Thursday, October 25, 2007

Spend $1 million, get $15 million back: Restoring the Milwaukee Housing Trust Fund

This entry is from Tracy Straub, new Housing and Services Project Leader for the Milwaukee Aging Consortium. The Housing and Service Project is a multi-faceted effort to promote housing and service options that result in livable communities for older adults.

Today, Tracy shares information about the Milwaukee Housing Trust Fund, which was created but then only partially funded.


In November 2006, the Milwaukee Common Council created and Mayor Barrett signed legislation creating the Milwaukee Housing Trust Fund (HTF). Under the trust fund guidelines, 25% of the trust fund's dollars will be used to develop housing and provide services for people who are homeless, 35% will be used to develop or rehabilitate rental housing, 25% will be used to create and maintain home ownership, and the remaining 15% of the fund will be "flexible" and used for other housing needs.

For 2007, the city committed $2.5 million to the HTF to be raised by issuance of a general obligation bond. The response by housing developers has surpassed all expectations. The HTF has received 21 funding requests totaling more than $5.6 million. More importantly, the applicants would bring to the table $85 million dollars in matching funds.

In other words, for every $1 the city funds an additional $15 is invested from other sources.

As proposed in the original legislation, it was anticipated that the city would contribute an additional $1 million to the HTF in 2008. Unfortunately, the Mayor’s 2008 budget reduces funding for the HTF to $400,000. After making the bond payment, this will leave $160,000 available to fund projects in 2008. Clearly, the proposed funding is not anywhere near the originally anticipated amount and woefully inadequate to support affordable housing development in the city.

If you would like to weigh in on this issue, you can contact your alderman at 414-286-2221 or write to him/her at 200 E. Wells, Milwaukee WI 53202. If you are not sure who your alderman is, you can find out here.

Tuesday, October 23, 2007

Clarifying Quinn: women and Social Security benefits

An article by Jane Bryant Quinn in the current AARP Bulletin is causing a bit of a buzz. Quinn wrote:

There's an exception for married people in good health when one of them has a small Social Security benefit. Typically, that's the wife. If she retires first, she should start her individual benefit at 62. When her husband retires, she'll switch to the spousal benefit. By using her own account first, she taps a benefit that otherwise would have gone to waste.

But Mary Jane Yarrington, senior policy analyst for the National Committee to Protect Social Security and Medicare, says that Quinn’s information is misleading.

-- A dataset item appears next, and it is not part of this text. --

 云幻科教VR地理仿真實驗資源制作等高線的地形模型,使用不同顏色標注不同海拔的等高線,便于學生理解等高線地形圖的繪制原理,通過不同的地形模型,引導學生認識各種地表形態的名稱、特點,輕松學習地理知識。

. . .a wife cannot "switch." When a wage earner applies first for his or her own benefit, it stays in effect. A wife who takes her own benefit early does never receives the full 50 percent spouse benefit when the husband begins his benefit. The difference between her full-retirement-age benefit and 50 percent of his gets added on to her monthly benefit amount. This factors in the fact that she has been receiving months of early benefit. JBQ does not make that clear.

By taking the benefit early, does the wife "tap into a benefit that otherwise might go to waste?" Probably. Depends on how long the husband lives. When he dies, if she is full retirement age or more when widow benefits begin, she receives 100 percent of the benefit he would receive if still alive. Her own early retirement is ignored in determining her widow entitlement.

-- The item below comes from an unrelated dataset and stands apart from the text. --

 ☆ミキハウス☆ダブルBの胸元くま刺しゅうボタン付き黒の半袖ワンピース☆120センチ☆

If you have questions about Social Security, you can “Ask Mary Jane.”

Thanks to Glenna Schumann, Coalition of Wisconsin Aging Groups, for passing this along.

Sunday, October 21, 2007

Collaborative care for people with dementia

According to blogger Jeff Muise (Caregiver Notes), it’s about time that the medical community is discovering what most people in the caregiving and service sectors have understood for a long time. An article in the November issue of the Journal of General Internal Medicine posits the need, Muise said, for “a system that fosters collaboaration among healthcare providers, community service organizations, and caregivers.”

To which Muise, a caregiver for his 90-year-old father, says, “well, duh.”

Again relying on Muise (I don’t have the journal), researchers at the Indiana University Center for Aging found that “most people with dementia only get care from their primary care doctor, and in the words of study co-author Malaz Boustani, MD, MPH, neither the primary care system nor primary physicians have the time or resources to meet the biopsychosocial needs of individuals with dementia.

In other words, it takes a village to support the whole lives of vulnerable people and those who care for them. But right now, that village doesn’t have enough money to sustain it.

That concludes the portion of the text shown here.